SUPPLIED ENTRIES
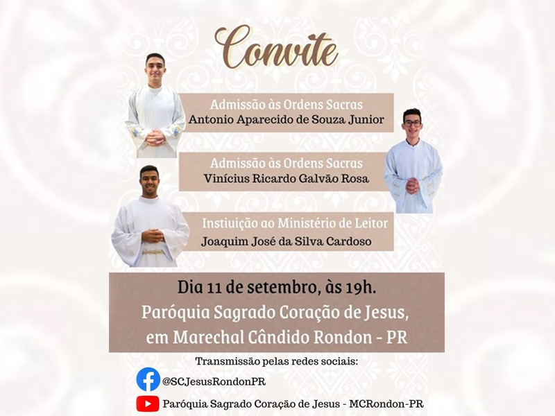 Neste domingo, 11 de setembro, três seminaristas da Etapa da Configuração (Teologia) serão instituídos a Ministérios. A celebração acontece na Paróquia Sagrado Coração de Jesus, em Marechal Cândido Rondon, com início às 19h, sendo também transmitido pelas redes sociais.
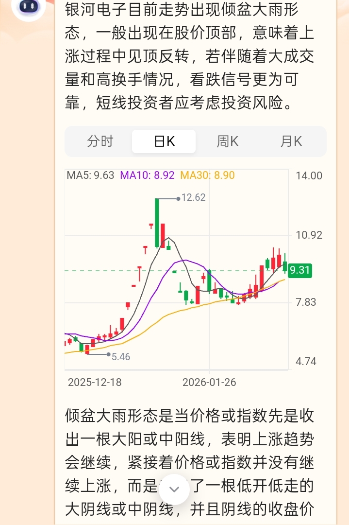 $盈新发展(SZ000620)$ 失算,失算,昨天银河电子是倾盆大雨,这下没戏啦,看来还得继续磨练
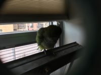 Flies well. Wings not clipped. Docile. Allows holding and petting. Mostly green. Found flying around alley between Montrose and Kenmore at Broadway in Chicago
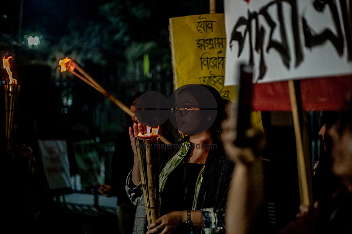 • Description: Dhaka, Bangladesh. 10th February 2026. Women’s and human rights groups took part in the ‘Shekol Bhangar Jatra’ (March to Break the Shackles). They protested and condemned what they described as misogynistic politics and hate speech by Jamaat-e-Islami leaders, accusing the party of openly degrading working women and promoting discrimination under the cover of religion. The protest was organised by the International Women’s Day Celebration Committee, and other women’s and human rights organisations, in front of the National Press Club in Dhaka.
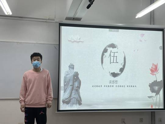 第五个环节是谈感想,王昱栋、张梦遥两位同学就今天的道德讲堂内容谈自身的切实体会,表达了自己的收获与感悟。
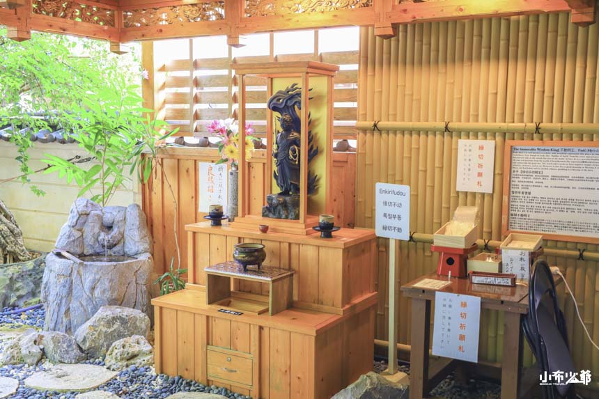 許多人會先被庭院與右側的祈願區吸引,但其實左手邊有點像「隱藏路線」。因為外觀側面看起來像是車庫入口,加上玄關不太顯眼,許多旅人會直接略過。但若你往那裡走近一點,會先看見一尊象徵「斬惡緣」的 緣切不動,是很多人想擺脫壞運、壞緣時會前來參拜的地方。
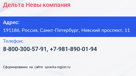 Дельта Невы, компания по адресу 191186, Россия, Санкт-Петербург, Невский проспект, 11 в дальнейшем Организация, размещена в следующих категориях:
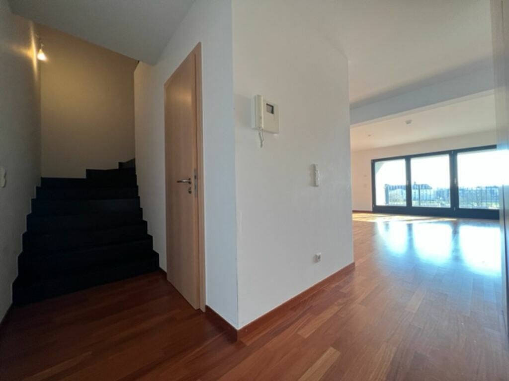 Par ailleurs, comme il se trouve tout en haut de l’immeuble, il a non seulement l’avantage d’avoir une grande luminosité, mais il a aussi une vue très dégagée. Le duplex est situé au 67 route d’Arlon de la Ville de Luxembourg (quartier Belair), pas loin de centre-ville. Le tram est à 7 minutes à pied (Place de l’Etoile).

YOUR OBJECTIVE
Each line from the one holding "許多人會先被庭院與右側的祈願" through the end of the listing is to be output exactly, both ends included, with no other lines and the pictures left out.

RESULT OF THIS EXERCISE
 許多人會先被庭院與右側的祈願區吸引,但其實左手邊有點像「隱藏路線」。因為外觀側面看起來像是車庫入口,加上玄關不太顯眼,許多旅人會直接略過。但若你往那裡走近一點,會先看見一尊象徵「斬惡緣」的 緣切不動,是很多人想擺脫壞運、壞緣時會前來參拜的地方。
 Дельта Невы, компания по адресу 191186, Россия, Санкт-Петербург, Невский проспект, 11 в дальнейшем Организация, размещена в следующих категориях:
 Par ailleurs, comme il se trouve tout en haut de l’immeuble, il a non seulement l’avantage d’avoir une grande luminosité, mais il a aussi une vue très dégagée. Le duplex est situé au 67 route d’Arlon de la Ville de Luxembourg (quartier Belair), pas loin de centre-ville. Le tram est à 7 minutes à pied (Place de l’Etoile).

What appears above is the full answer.